▶ [WORK TO COMPLETE]:
Only these lines of the data below are wanted: the one with "南开大学政治经济学研究中心副", the one with "The Makamaka'ole Falls", and any lines between them, each repeated exactly.

▶ [GIVEN INFORMATION]:
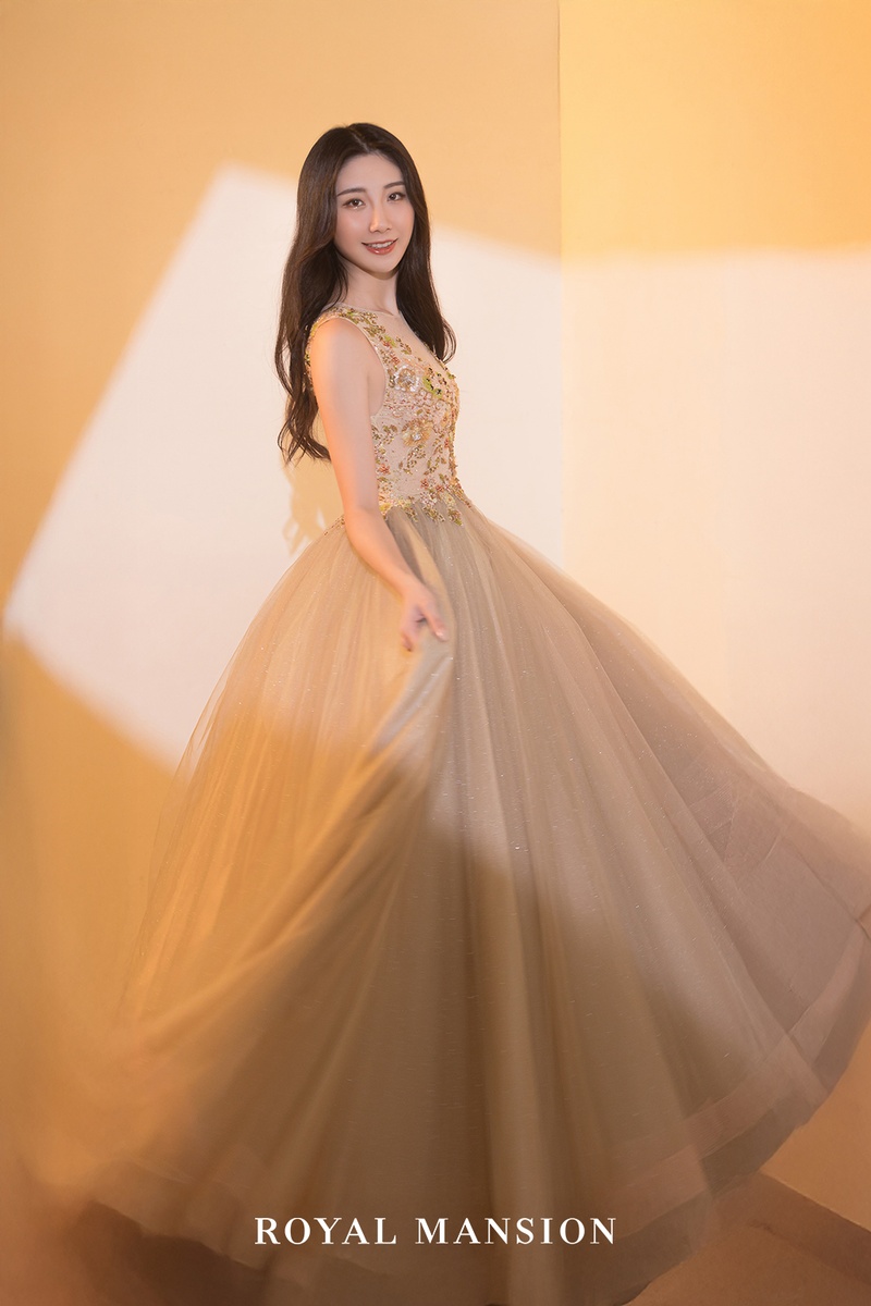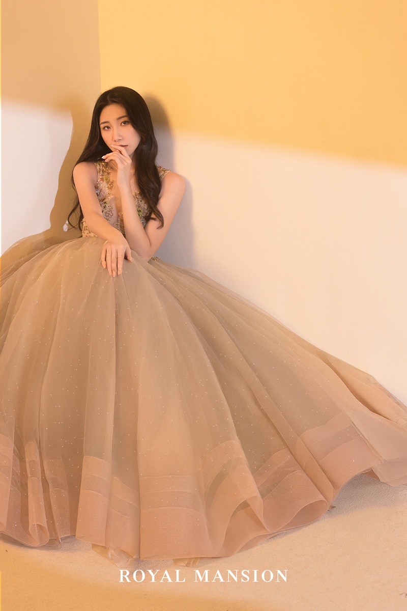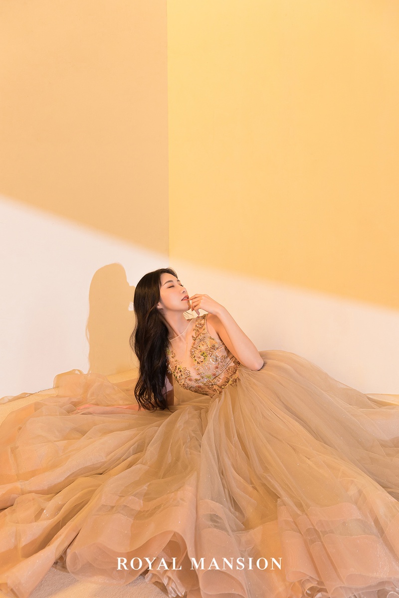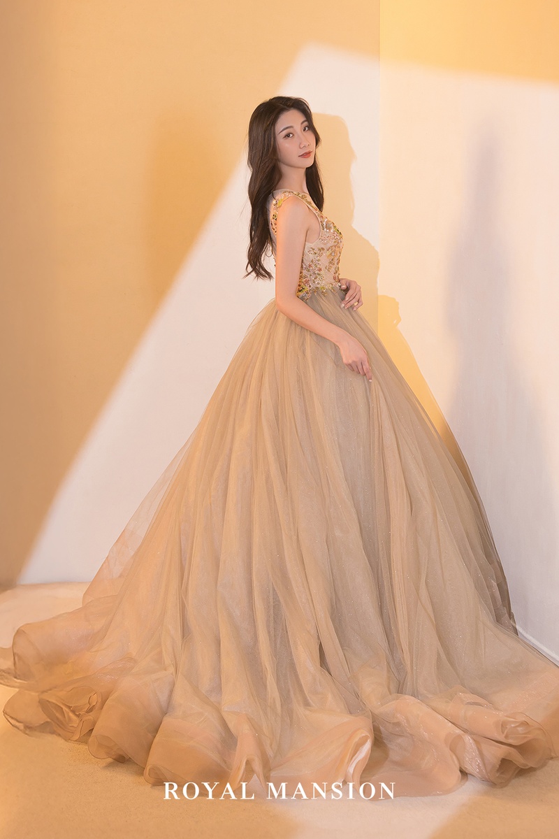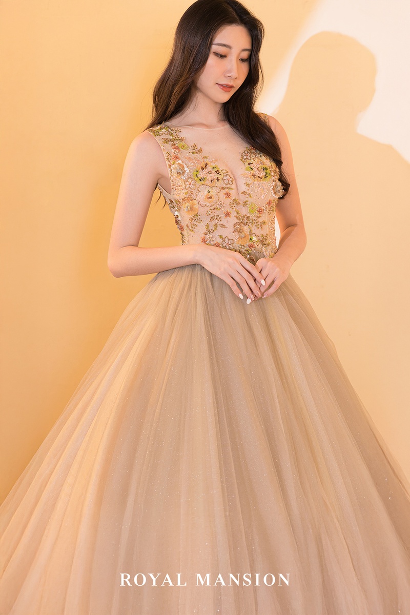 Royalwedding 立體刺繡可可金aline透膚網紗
* * *
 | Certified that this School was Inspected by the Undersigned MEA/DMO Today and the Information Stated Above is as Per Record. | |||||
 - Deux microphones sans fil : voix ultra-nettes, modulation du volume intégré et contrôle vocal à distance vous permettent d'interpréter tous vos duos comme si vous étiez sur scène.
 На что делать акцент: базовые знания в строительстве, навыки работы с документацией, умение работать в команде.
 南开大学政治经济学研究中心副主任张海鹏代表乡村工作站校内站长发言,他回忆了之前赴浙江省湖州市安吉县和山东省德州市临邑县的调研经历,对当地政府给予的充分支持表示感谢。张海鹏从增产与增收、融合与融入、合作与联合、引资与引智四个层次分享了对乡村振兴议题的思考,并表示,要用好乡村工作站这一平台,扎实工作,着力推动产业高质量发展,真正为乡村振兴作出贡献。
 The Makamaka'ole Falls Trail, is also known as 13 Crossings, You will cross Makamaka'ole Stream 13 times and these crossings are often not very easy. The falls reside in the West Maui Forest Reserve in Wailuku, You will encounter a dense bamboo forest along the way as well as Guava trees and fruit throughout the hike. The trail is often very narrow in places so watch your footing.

▶ [EXPECTED ANSWER]:
 南开大学政治经济学研究中心副主任张海鹏代表乡村工作站校内站长发言,他回忆了之前赴浙江省湖州市安吉县和山东省德州市临邑县的调研经历,对当地政府给予的充分支持表示感谢。张海鹏从增产与增收、融合与融入、合作与联合、引资与引智四个层次分享了对乡村振兴议题的思考,并表示,要用好乡村工作站这一平台,扎实工作,着力推动产业高质量发展,真正为乡村振兴作出贡献。
 The Makamaka'ole Falls Trail, is also known as 13 Crossings, You will cross Makamaka'ole Stream 13 times and these crossings are often not very easy. The falls reside in the West Maui Forest Reserve in Wailuku, You will encounter a dense bamboo forest along the way as well as Guava trees and fruit throughout the hike. The trail is often very narrow in places so watch your footing.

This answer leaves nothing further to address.